By Lucy Maud Montgomery

Table of Contents

CHAPTER I Mrs. Rachel Lynde Is Surprised

CHAPTER II Matthew Cuthbert Is Surprised

CHAPTER III Marilla Cuthbert Is Surprised

CHAPTER IV Morning at Green Gables

CHAPTER V Anne's History

CHAPTER VI Marilla Makes Up Her Mind

CHAPTER VII Anne Says Her Prayers

CHAPTER VIII Anne's Bringing-Up Is Begun

CHAPTER IX Mrs. Rachel Lynde Is Properly Horrified

CHAPTER X Anne's Apology

CHAPTER XI Anne's Impressions of Sunday School

CHAPTER XII A Solemn Vow and Promise

CHAPTER XIII The Delights of Anticipation

CHAPTER XIV Anne's Confession

CHAPTER XV A Tempest in the School Teapot

CHAPTER XVI Diana Is Invited to Tea with Tragic Results

CHAPTER XVII A New Interest in Life

CHAPTER XVIII Anne to the Rescue

CHAPTER XIX A Concert a Catastrophe and a Confession

CHAPTER XX A Good Imagination Gone Wrong

CHAPTER XXI A New Departure in Flavorings

CHAPTER XXII Anne is Invited Out to Tea

CHAPTER XXIII Anne Comes to Grief in an Affair of Honor

CHAPTER XXIV Miss Stacy and Her Pupils Get Up a Concert

CHAPTER XXV Matthew Insists on Puffed Sleeves

CHAPTER XXVI The Story Club Is Formed

CHAPTER XXVII Vanity and Vexation of Spirit

CHAPTER XXVIII An Unfortunate Lily Maid

CHAPTER XXIX An Epoch in Anne's Life

CHAPTER XXX The Queens Class Is Organized

CHAPTER XXXI Where the Brook and River Meet

CHAPTER XXXII The Pass List Is Out

CHAPTER XXXIII The Hotel Concert

CHAPTER XXXIV A Queen's Girl

CHAPTER XXXV The Winter at Queen's

CHAPTER XXXVI The Glory and the Dream

CHAPTER XXXVII The Reaper Whose Name Is Death

CHAPTER XXXVIII The Bend in the road

ANNE OF GREEN GABLES

CHAPTER I. Mrs. Rachel Lynde is Surprised

Mrs. Rachel Lynde lived just where the Avonlea main road dipped down

into a little hollow, fringed with alders and ladies' eardrops and

traversed by a brook that had its source away back in the woods of the

old Cuthbert place; it was reputed to be an intricate, headlong brook

in its earlier course through those woods, with dark secrets of pool

and cascade; but by the time it reached Lynde's Hollow it was a quiet,

well-conducted little stream, for not even a brook could run past Mrs.
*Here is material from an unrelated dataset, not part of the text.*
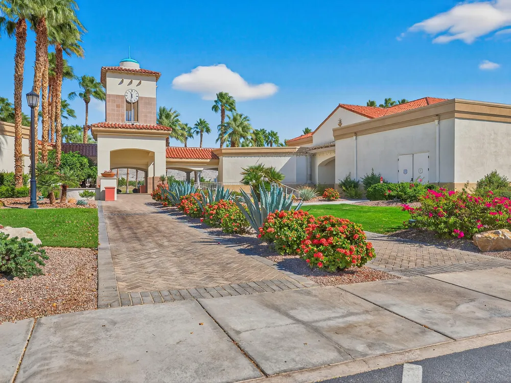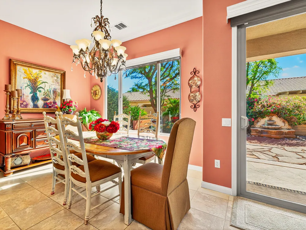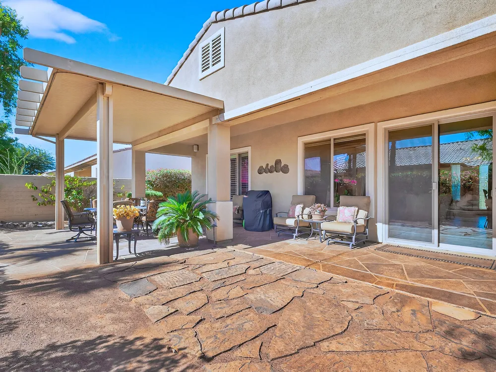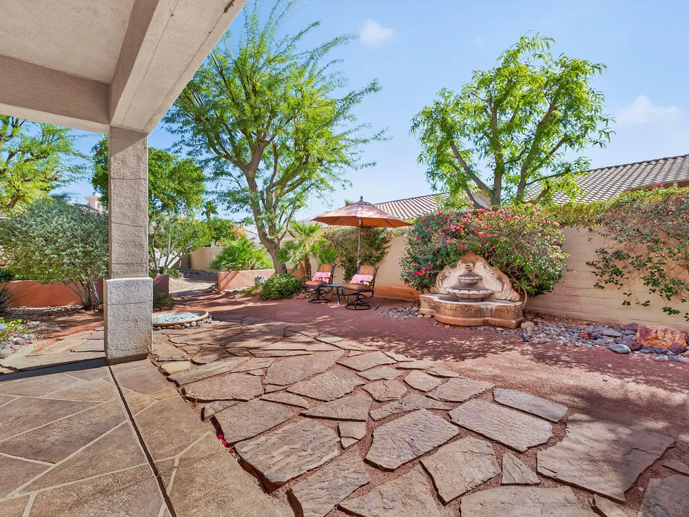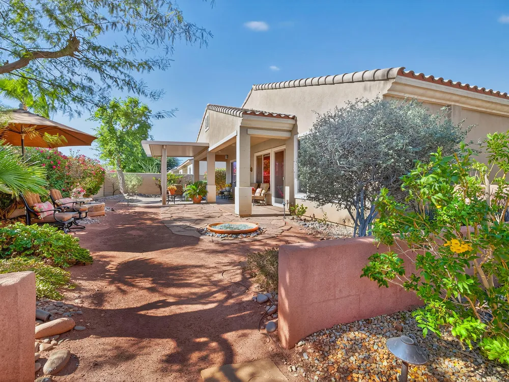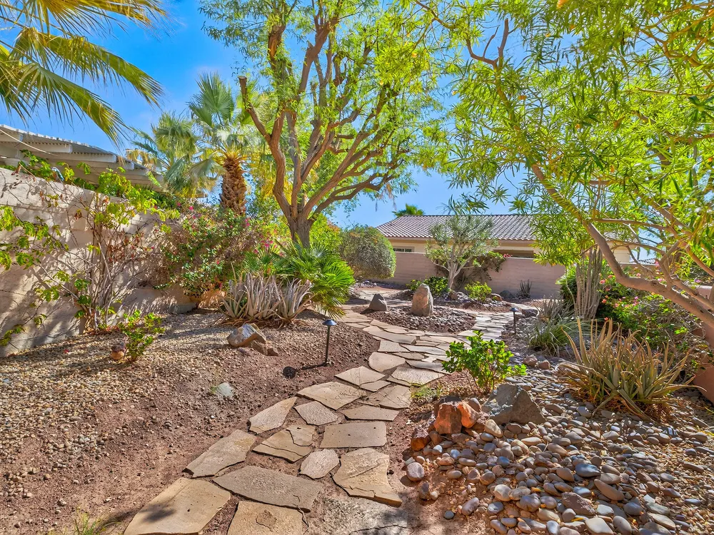 Experience the perfect blend of gracious resort-style living, privacy and lovely outdoor areas in a home designed for comfort and ease. Discover refined comfort and privacy in this beautifully appointed 2-bedroom plus office/den pride-of-ownership home. The open Great Room floor plan creates an easy flow between living, dining, and entertaining spaces, filled with natural light and tasteful design details. The primary suite is a peaceful retreat with a spacious walk-in closet featuring custom built-ins and access to the serene backyard with the large covered patio.. The expansive outdoor area is beautifully landscaped, with multiple private seating areas & meandering flagstone pathways ideal for entertaining or quiet relaxation. You'll also find a dramatic fire-n-ice firepit and a soothing water feature . Additional highlights include newer AC, newer stainless steel kitchen, newer 50 gal hot water heater, chandeliers, beautiful beveled glass door, a garage with epoxy floors, quality finishes and tasteful décor. A cement pathway from the front to the backyard was added for ease of access. Offered fully furnished, including most art and accessories, this home is ready for your enjoyment. . Residents of this gated, over 55 community enjoy country club amenities, including golf, tennis, pickleball, bocce ball fitness centers, swimming pools, and over 50 social clubs—all within a secure and beautifully maintained setting.

Rachel Lynde's door without due regard for decency and decorum; it

probably was conscious that Mrs. Rachel was sitting at her window,

keeping a sharp eye on everything that passed, from brooks and children

up, and that if she noticed anything odd or out of place she would never

rest until she had ferreted out the whys and wherefores thereof.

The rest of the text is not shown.